Funny, my boy is the same way with other dogs who cannot catch him (his rare legs even started looking like of a whippet's with all those running muscles on). One day we met a female giant Dane who just had puppies and all she wanted was to play and chase. My boy was like: "Wow, you are SO huge. You can catch me in two steps. Are you sure, you are friendly?" After a long time the Dane took to convince my boy, yes she needed badly to run and play, there was some great playing and chasing each other. The Dan's owner was very thankful his girl got to play with another dog and forget about her mother's responsibilities for several minutes. He said other owners just run away from his giant girl


----------



## R E McCraith (Nov 24, 2011)

Tkn - SO TRUE !!!!!!!!!! V's loved 2V chased - the problem is !!!!!! unless another V - nothing can catch them !!!!!!!!!!! LOL


----------



## tknafox2 (Apr 2, 2013)

REM... except a 16mo. old Great Dane... in two Giant strides!! 
You should have been there... the look on Ferguson's face when he felt that monster behind him, and turned to see that HUGE head right on his 
Arse... I thought he might pee himself!!! 
There is a first time for everything... 
I can't say Fergy became his best friend, but they departed each other on good terms.
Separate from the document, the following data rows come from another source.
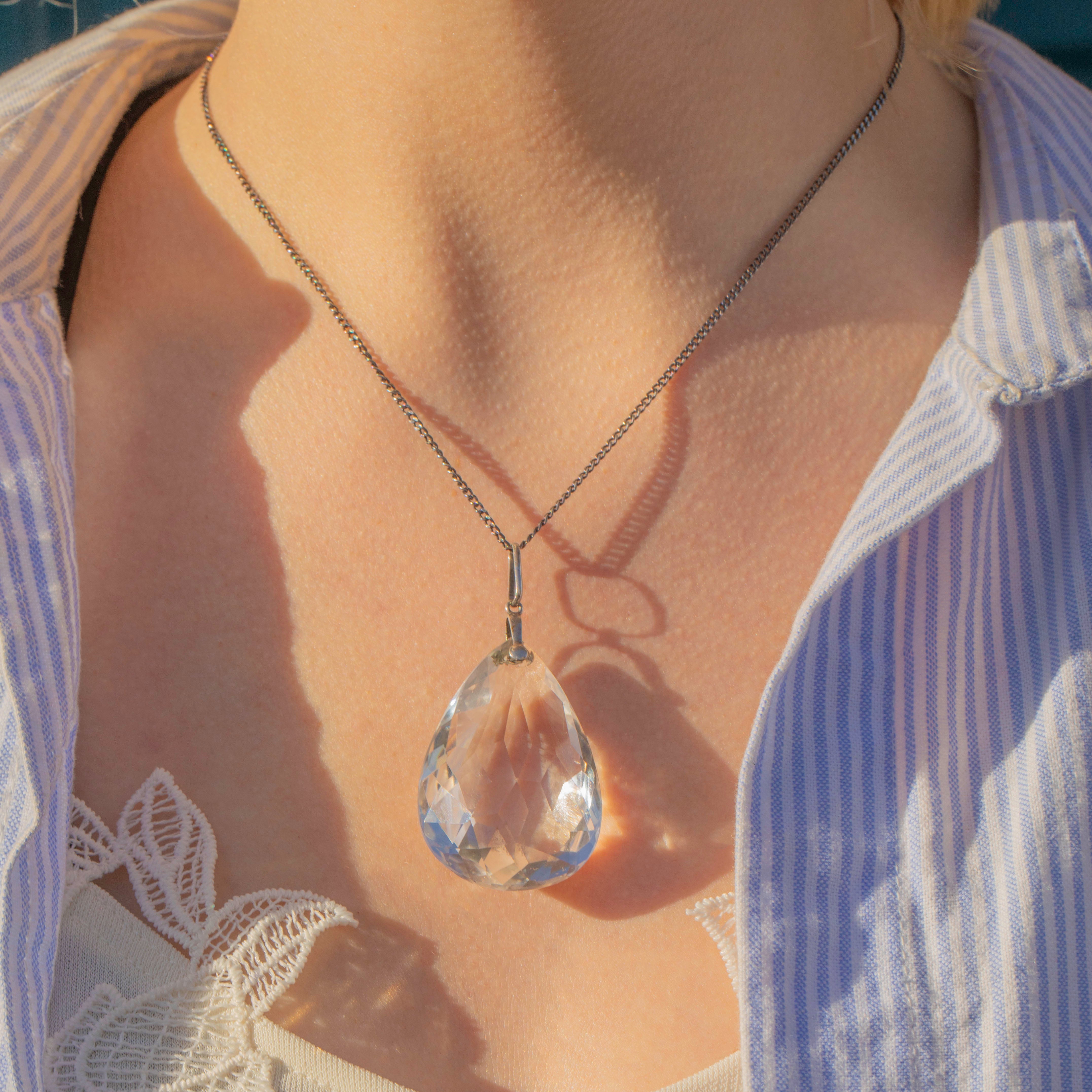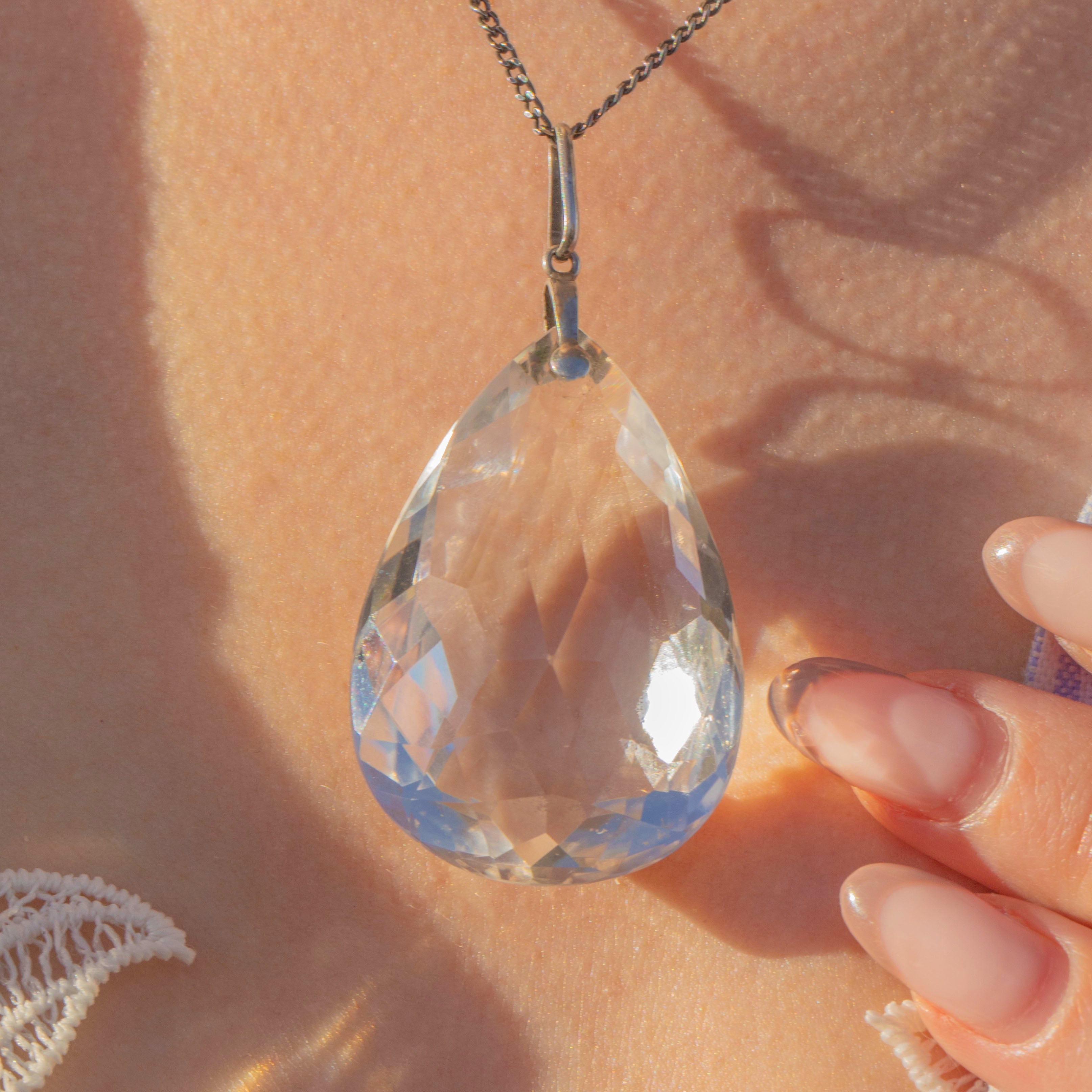Admire the captivating elegance and effortless simplicity of this Art Deco Silver Rock crystal pear drop pendant!
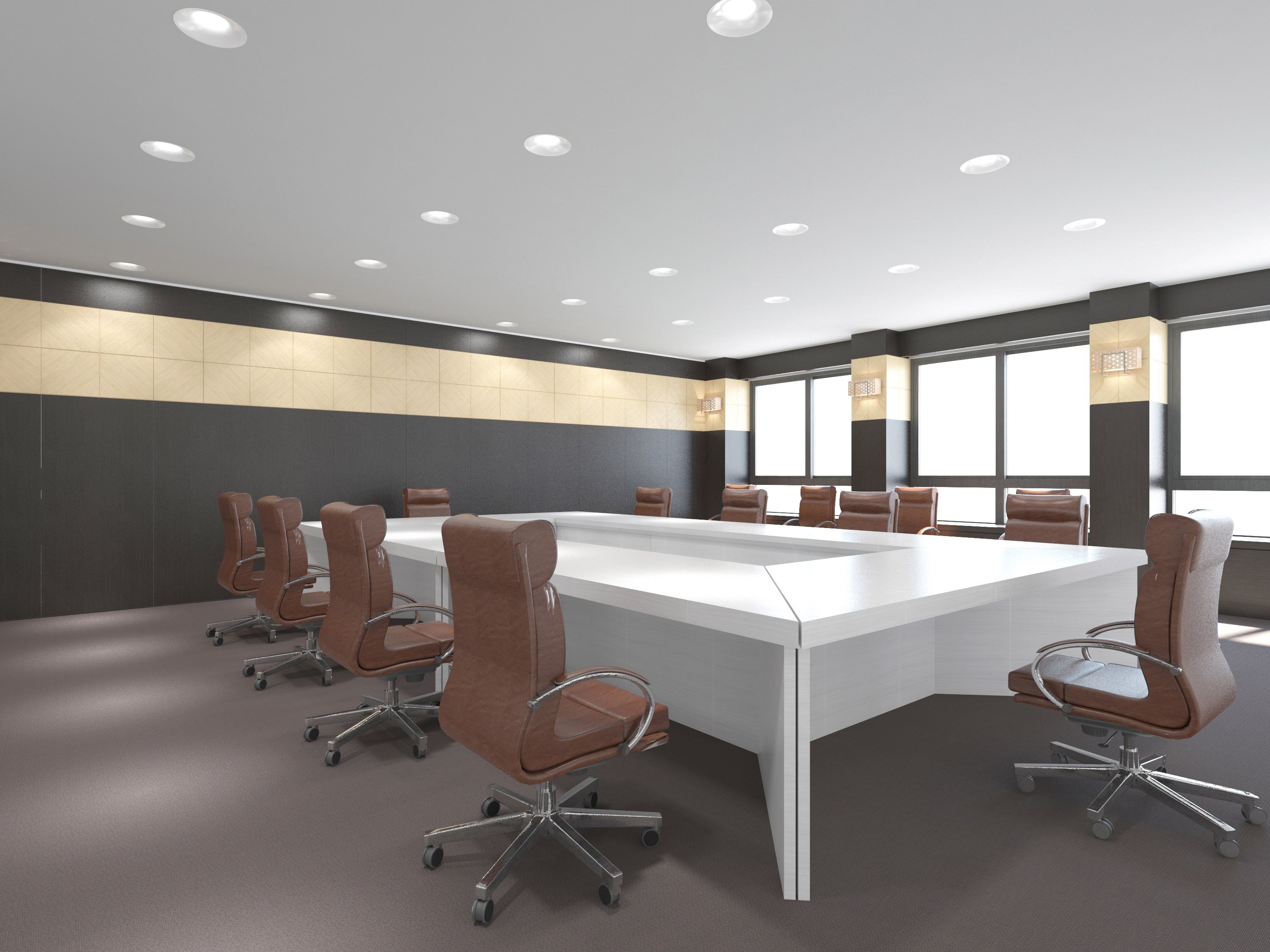 기둥과 무빙 월 그리고 가구에 흑단과 메이플 소재를 활용하여 고급스러우면서도 한국 전통의 분위기를 연출하고 이와 어울리는 브라운 톤의 우븐과 백색 무늬목 가구, 구로 철판 액자가 어우러져  사용해 회의실의 품격을 살렸다. 기둥에는 한식 느낌의 제작 조명을 활용해 한층 더 고급스러운 느낌을 강조한다. 기능적으로는 무빙월을 설치하여 한 개의 회의실이 두 개의 회의공간으로 나뉠 수 있고 사다리꼴의 책상을 배치하여 자유로운 회의 테이블 배치가 가능하도록 하였다.
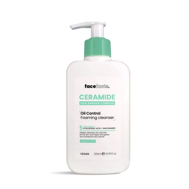 The Face Facts Ceramide Oil Control Foaming Cleanser is a vegan-friendly, and effective cleanser for oily, combination, and acne-prone skin. Reviews frequently highlight its ability to remove excess oil and impurities without stripping the skin, leaving it feeling balanced and hydrated due to 5 ceramides, hyaluronic acid, and niacinamide.
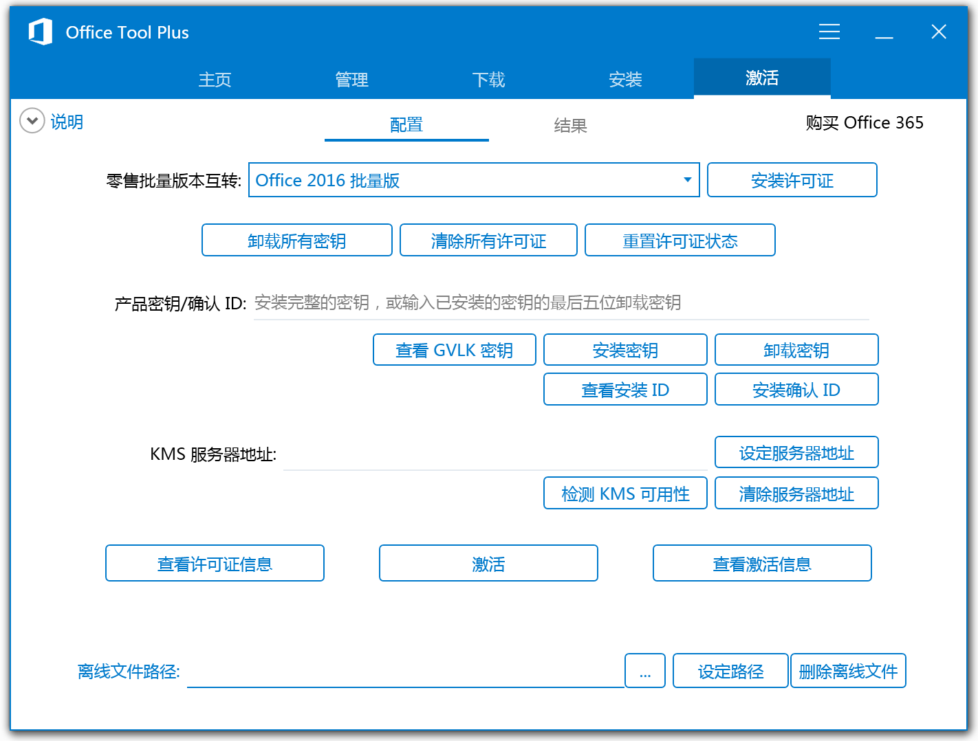 OTP 可以安装/卸载密钥、转换 Office 授权版本、配置 KMS 服务器地址、清除激活信息或者是证书、查询当前 Office 的激活信息。无论是联网激活、电话激活还是 KMS 激活, OTP 都可以轻松应付。(PS:OTP 不存在破解行为,只有配置 KMS 的功能)
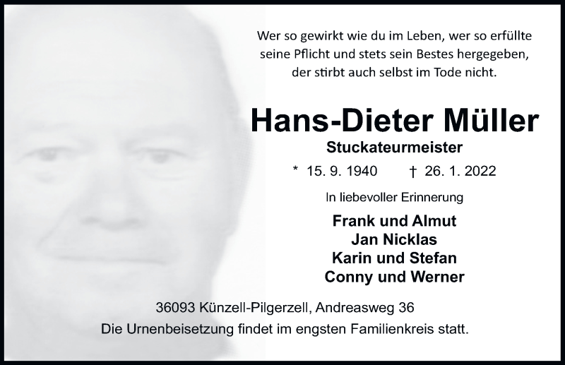 Hier finden Sie alle Traueranzeigen aus der Zeitung, die bisher für Hans-Dieter Müller erschienen sind. Weitere Traueranzeigen, die in der Zeitung erscheinen, werden hier ebenfalls aufgelistet
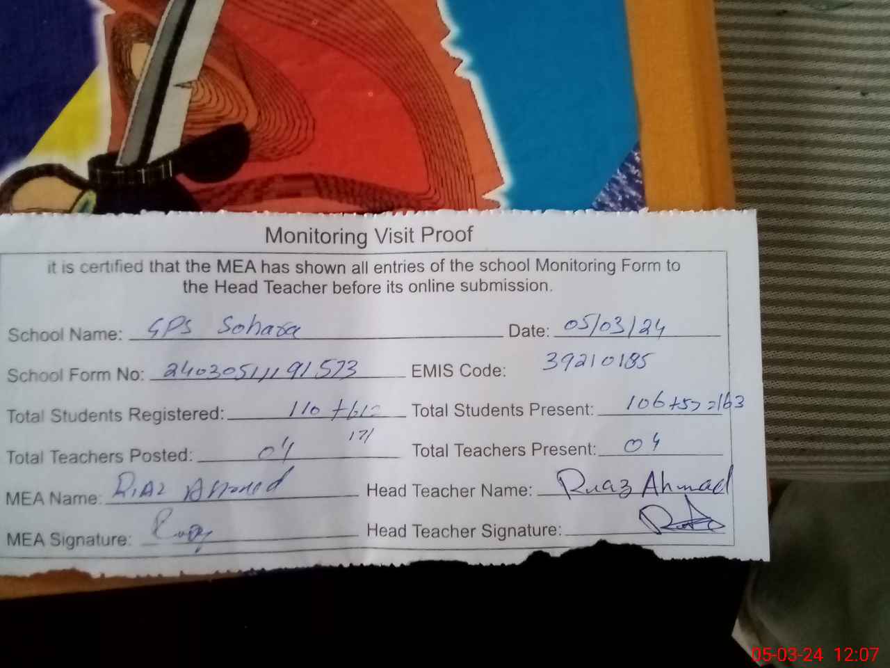 | Attendance Register | Head Teacher | MEA with School | Visit Proof |
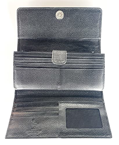 More information about Julie Genuine Real Ostrich Skin Leather Trifold Clutch Long Black Wallet
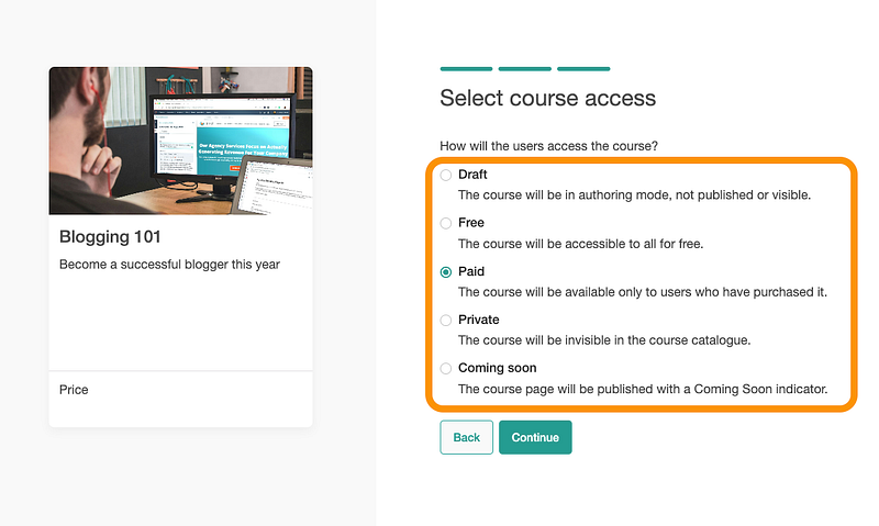 Not every course platform lets you do this. Most either require payment or an application to get started.
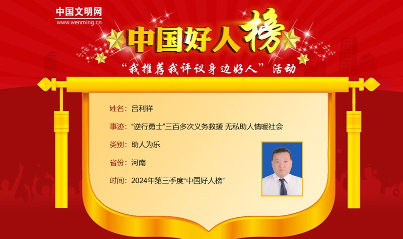 呂利祥上榜2024年第三季度“中國好人榜”。
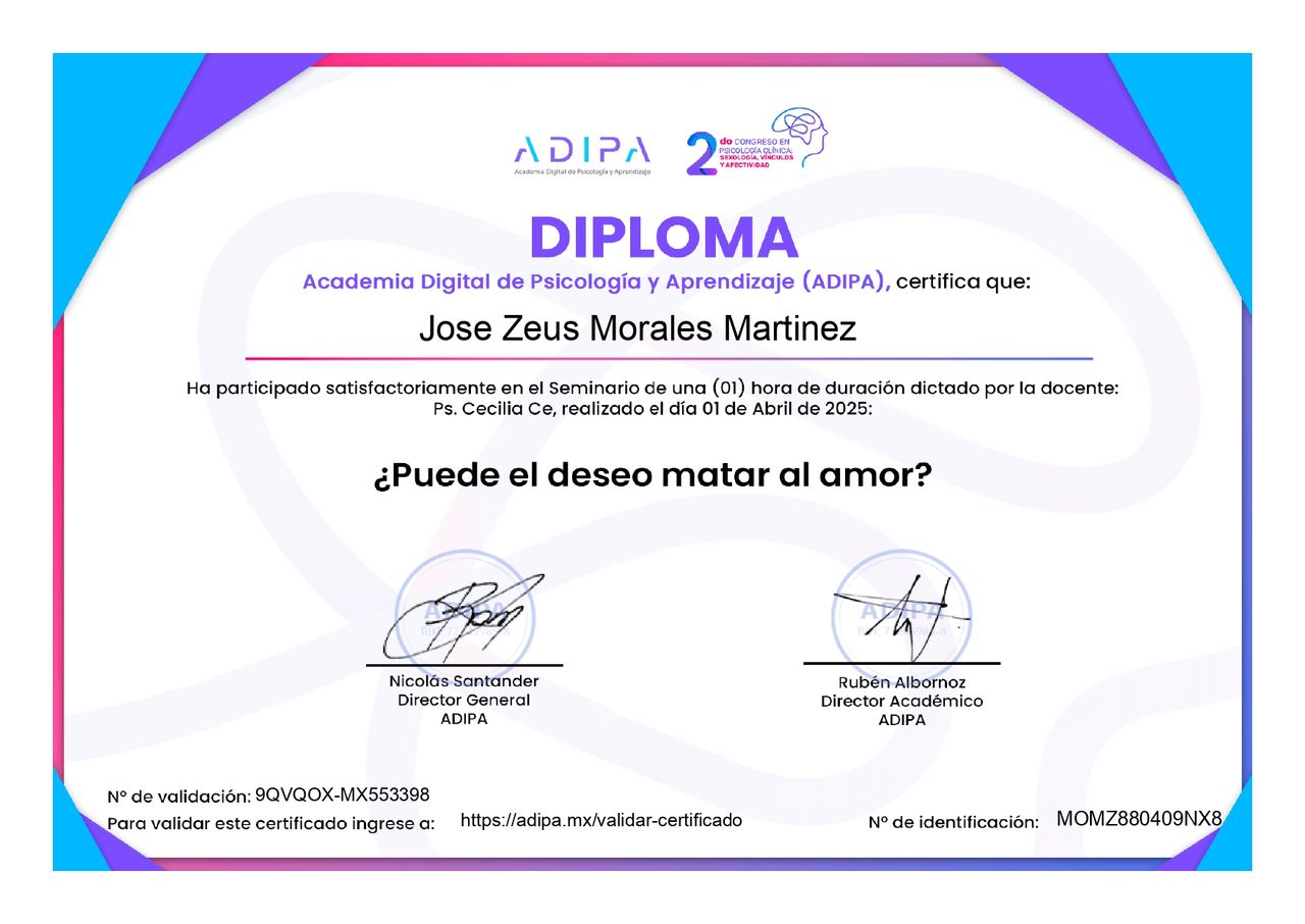 La atención es profesional; excelente seguimiento que da confianza al recibir constantes herramientas prácticas y de guía para el día a día. Mi familia y yo estamos agradecidos por la atención recibida; en lo personal, lo estoy con el Psicólogo José Morales
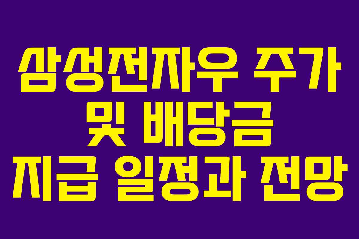 삼성전자는 한국 증시의 대표 기업으로, 최근 주가 변동과 배당금에 대한 관심이 높아지고 있습니다. 이번 글에서는 삼성전자우의 주가 동향, 배당금 지급 일정, 그리고 향후 배당 전망을 살펴보겠습니다.
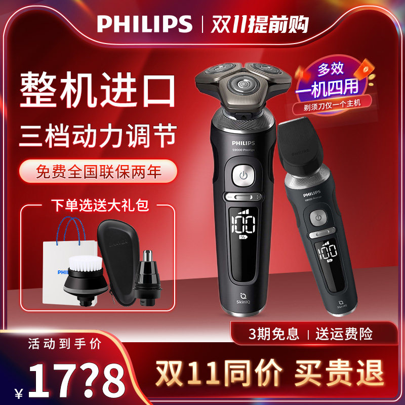 Philips飞利浦进口充电式男士电动剃须刀S9987刮胡刀官方旗舰店
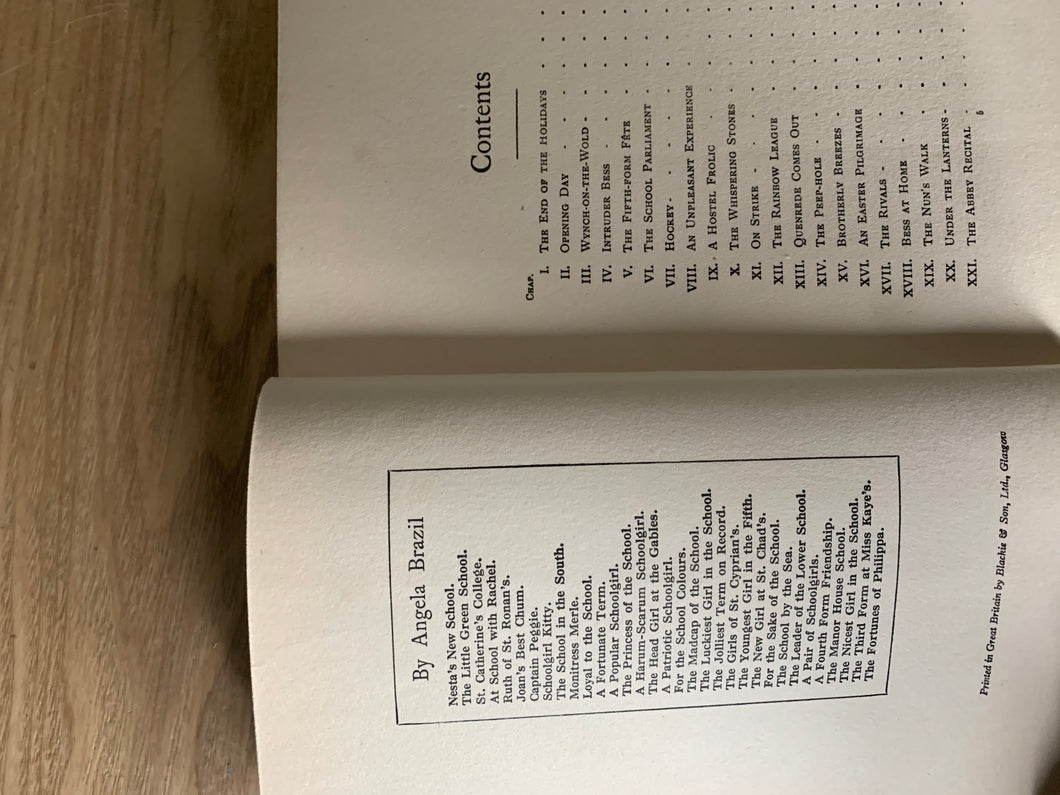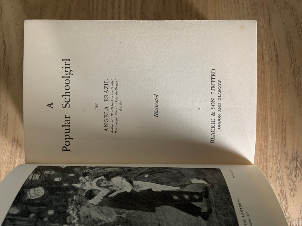 ‘A Popular Schoolgirl' by Angela Brazil. Uncredited illustrations. Published by Blackie & Son. No date. Decorated boards.

Axle took off after his master and sister like a galloping Horse,
and Mr. F went off into the rough and took a poop... ;D


----------



## R E McCraith (Nov 24, 2011)

Let me put this post 2 REST !!!!!!!!! - Org - Tr - Tkn - Ks - Dex Har Bob - Ein - Rbd - Ken & my other close friends - PIKE & the V's V4 him - are so much more than a post or REPLY !!!!!!!!!!!


----------



## tknafox2 (Apr 2, 2013)

Yep.. You are right... first and foremost, they are "all about the BIRD" I see that every day, even though my pup has to watch, point, chase, and see them fly away. He did have his chance to have feathers in his mouth, as he was born to do. He lived for it. 
The other day, he chased the Ravens... They chased him back, now he just stands and watches them... I'm sure there was some form of communication
there. 
If I should ever get the opportunity to hunt, even just tag along... I will go in a heart beat. 

Thanks REM


----------